The Judge then turned to set out his conclusions. He said that he was satisfied on the basis of the evidence of Professor Rehman and Mr Ahmed that Mr Ahmed’s detention by ISI in August 2006 was unlawful. He said he was also satisfied that Mr Ahmed was kept in inhuman conditions and may have also been deliberately deprived of sleep. He went on:
“however, I am not satisfied that he suffered physical injury in the first 14 days or thereabouts of his detention, although he may have done later. In particular, I am not satisfied that he suffered traumatic removal of fingernails in those early days of his detention. That is partly because of evidence heard in camera and partly as a result of the evidence of Dr Carey and Shaukat Malik who gave evidence in open court…
It may be that Rangzieb Ahmed suffered physical injury at the hands of the agents of the Pakistanis at a later stage including the removal of fingernails, but for very good reason the focus of this inquiry has been on the early stages of his detention. While I accept Rangzieb Ahmed’s allegation to the extent set out above, I specifically reject the allegations that the British authorities were outsourcing torture. I simply have found no evidence to support that suggestion.”
Saunders J ended his judgment with the following:
“My final conclusion for reasons largely given in camera is that - and I hope I chose my words carefully - I am not satisfied that the British authorities assisted or encouraged the Pakistanis to unlawfully detain and or ill-treat Rangzieb Ahmed in such a way so as to amount to an abuse of the process of the court and, accordingly, I dismiss the application for a stay on this ground as well.”
As noted above, the closed Annex to this judgment includes a summary of the material points emerging from the in camera judgment of Saunders J.
The CACD
The CACD heard the Claimant’s appeal over four days in November and December 2010. Hughes LJ gave the judgment of the Court on 25 February 2011, ([2011] EWCA Crim 184). He explained that the gist of the case against the Claimant and his co-accused was that they were active members of Al Qaeda and that they were heavily involved in general terrorist planning and the coordination of agents or sympathisers in the UK.

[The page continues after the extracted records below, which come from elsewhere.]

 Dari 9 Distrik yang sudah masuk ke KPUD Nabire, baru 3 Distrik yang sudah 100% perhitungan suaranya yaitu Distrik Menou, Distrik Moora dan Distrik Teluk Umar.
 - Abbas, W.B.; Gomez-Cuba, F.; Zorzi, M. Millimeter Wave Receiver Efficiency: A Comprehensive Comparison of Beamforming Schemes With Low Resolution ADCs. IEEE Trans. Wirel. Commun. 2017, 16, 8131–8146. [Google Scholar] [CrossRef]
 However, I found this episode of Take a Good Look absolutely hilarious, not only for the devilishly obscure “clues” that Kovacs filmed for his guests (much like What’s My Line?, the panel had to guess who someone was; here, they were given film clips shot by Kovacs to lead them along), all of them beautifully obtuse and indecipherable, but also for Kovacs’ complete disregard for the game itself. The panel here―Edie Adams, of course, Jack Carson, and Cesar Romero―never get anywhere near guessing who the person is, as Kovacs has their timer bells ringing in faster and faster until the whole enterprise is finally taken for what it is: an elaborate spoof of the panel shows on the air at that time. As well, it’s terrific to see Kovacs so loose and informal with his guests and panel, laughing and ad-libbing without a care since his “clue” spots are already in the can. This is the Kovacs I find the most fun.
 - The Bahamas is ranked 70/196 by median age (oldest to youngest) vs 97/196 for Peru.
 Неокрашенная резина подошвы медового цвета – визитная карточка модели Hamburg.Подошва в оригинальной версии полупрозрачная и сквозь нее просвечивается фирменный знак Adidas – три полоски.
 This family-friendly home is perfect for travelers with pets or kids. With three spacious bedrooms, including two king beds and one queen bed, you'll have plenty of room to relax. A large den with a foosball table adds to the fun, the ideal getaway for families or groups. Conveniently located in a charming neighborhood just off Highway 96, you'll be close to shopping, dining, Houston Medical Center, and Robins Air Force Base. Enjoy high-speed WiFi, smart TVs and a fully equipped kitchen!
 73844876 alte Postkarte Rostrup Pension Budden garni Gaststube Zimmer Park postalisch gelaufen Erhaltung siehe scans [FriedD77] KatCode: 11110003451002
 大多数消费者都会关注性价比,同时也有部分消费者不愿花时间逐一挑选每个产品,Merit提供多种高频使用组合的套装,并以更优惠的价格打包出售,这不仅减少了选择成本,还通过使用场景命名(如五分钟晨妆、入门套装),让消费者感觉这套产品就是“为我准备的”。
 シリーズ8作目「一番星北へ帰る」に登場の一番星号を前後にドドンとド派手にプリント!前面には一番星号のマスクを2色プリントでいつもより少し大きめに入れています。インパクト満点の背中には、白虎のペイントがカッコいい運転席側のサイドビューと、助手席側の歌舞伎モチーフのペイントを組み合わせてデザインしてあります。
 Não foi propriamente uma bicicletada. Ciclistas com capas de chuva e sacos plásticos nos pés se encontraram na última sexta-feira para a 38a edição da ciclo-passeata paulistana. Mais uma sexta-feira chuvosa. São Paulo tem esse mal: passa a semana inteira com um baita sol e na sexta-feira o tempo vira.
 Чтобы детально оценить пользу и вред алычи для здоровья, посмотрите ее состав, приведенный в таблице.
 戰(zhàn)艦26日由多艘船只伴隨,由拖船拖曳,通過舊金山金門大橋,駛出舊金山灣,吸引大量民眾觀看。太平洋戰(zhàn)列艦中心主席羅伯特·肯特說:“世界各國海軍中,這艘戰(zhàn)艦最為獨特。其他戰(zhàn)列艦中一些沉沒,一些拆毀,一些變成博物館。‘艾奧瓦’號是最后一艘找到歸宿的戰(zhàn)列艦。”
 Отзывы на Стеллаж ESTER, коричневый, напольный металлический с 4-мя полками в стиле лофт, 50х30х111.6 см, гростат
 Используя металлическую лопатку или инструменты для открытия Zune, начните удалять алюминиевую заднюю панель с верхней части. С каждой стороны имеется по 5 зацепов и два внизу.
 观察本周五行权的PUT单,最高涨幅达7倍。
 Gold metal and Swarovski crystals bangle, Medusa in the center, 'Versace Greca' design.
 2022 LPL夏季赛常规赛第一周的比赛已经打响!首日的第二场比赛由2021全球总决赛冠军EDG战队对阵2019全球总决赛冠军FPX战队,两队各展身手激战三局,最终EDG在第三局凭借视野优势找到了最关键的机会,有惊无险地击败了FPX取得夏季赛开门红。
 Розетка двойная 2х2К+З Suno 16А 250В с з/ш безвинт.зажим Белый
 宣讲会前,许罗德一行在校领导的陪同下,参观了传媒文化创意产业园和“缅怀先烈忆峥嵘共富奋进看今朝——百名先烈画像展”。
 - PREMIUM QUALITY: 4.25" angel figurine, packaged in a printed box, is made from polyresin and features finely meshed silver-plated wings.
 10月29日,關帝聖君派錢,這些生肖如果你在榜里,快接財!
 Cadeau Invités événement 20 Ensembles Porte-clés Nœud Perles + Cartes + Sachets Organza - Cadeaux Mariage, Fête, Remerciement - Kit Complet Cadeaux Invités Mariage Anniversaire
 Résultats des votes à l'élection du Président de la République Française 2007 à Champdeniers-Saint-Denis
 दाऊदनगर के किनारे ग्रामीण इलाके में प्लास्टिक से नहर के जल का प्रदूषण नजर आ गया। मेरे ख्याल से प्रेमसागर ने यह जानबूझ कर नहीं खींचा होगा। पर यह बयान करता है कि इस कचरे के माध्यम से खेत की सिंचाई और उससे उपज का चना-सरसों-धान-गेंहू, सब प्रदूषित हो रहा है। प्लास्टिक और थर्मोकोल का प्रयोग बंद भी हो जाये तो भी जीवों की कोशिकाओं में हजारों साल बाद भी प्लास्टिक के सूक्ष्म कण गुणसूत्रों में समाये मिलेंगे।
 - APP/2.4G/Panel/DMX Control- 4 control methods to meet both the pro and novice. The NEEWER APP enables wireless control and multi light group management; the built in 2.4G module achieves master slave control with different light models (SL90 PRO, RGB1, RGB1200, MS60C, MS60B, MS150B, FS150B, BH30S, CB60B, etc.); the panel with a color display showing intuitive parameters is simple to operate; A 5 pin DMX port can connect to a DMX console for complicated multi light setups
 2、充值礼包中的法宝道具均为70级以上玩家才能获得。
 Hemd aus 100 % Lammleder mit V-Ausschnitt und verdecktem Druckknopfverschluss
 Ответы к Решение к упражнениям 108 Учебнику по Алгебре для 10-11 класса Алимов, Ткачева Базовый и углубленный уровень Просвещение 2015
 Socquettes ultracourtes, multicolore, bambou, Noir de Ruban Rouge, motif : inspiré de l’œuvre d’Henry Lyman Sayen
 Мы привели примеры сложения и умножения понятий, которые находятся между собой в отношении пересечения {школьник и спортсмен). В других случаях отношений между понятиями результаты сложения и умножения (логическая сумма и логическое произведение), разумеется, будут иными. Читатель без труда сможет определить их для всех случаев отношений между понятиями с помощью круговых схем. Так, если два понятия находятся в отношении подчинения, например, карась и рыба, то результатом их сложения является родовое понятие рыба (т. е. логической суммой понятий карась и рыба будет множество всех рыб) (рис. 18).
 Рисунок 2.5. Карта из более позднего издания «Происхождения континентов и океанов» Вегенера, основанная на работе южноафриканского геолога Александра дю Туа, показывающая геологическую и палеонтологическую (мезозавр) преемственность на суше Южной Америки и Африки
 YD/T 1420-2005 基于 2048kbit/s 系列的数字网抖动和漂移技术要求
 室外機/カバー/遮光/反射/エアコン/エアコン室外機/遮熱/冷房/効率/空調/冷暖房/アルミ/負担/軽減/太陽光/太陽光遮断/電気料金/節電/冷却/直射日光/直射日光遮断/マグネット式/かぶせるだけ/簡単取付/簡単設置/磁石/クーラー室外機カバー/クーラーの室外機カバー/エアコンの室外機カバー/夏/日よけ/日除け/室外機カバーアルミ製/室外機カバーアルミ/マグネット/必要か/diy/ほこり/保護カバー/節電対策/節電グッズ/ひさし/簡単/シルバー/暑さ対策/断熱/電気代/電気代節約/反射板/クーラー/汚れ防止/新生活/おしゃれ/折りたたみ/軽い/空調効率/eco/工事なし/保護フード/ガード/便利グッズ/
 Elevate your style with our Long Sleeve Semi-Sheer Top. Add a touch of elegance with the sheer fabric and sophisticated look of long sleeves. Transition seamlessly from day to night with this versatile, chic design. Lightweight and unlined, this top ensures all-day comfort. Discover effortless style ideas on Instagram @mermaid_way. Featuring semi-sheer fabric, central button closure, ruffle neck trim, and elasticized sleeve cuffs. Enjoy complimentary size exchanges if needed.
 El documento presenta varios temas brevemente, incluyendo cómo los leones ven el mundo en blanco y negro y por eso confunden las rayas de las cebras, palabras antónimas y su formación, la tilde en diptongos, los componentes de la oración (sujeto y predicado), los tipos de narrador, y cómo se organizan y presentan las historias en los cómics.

At [4], Hughes LJ explained that at the trial, Rangzieb Ahmed applied to the judge to stop the prosecution:
“He contended that it would be an abuse of the process of the court to try him, whether he was guilty or not. The reason why that was said was because some time after the offences charged were alleged to have been committed, he had been arrested in Pakistan and held in custody for just over a year. During that time, it was his case that he had been tortured by the Pakistani authorities (and/or on the authority, he asserted, of the USA). Founding upon that allegation, it is said on his behalf that the UK authorities had sufficient connection with that detention to amount to “complicity” in torture and that if so, no prosecution of him could properly be allowed to continue without affronting the fundamental principle of international law which outlaws torture.”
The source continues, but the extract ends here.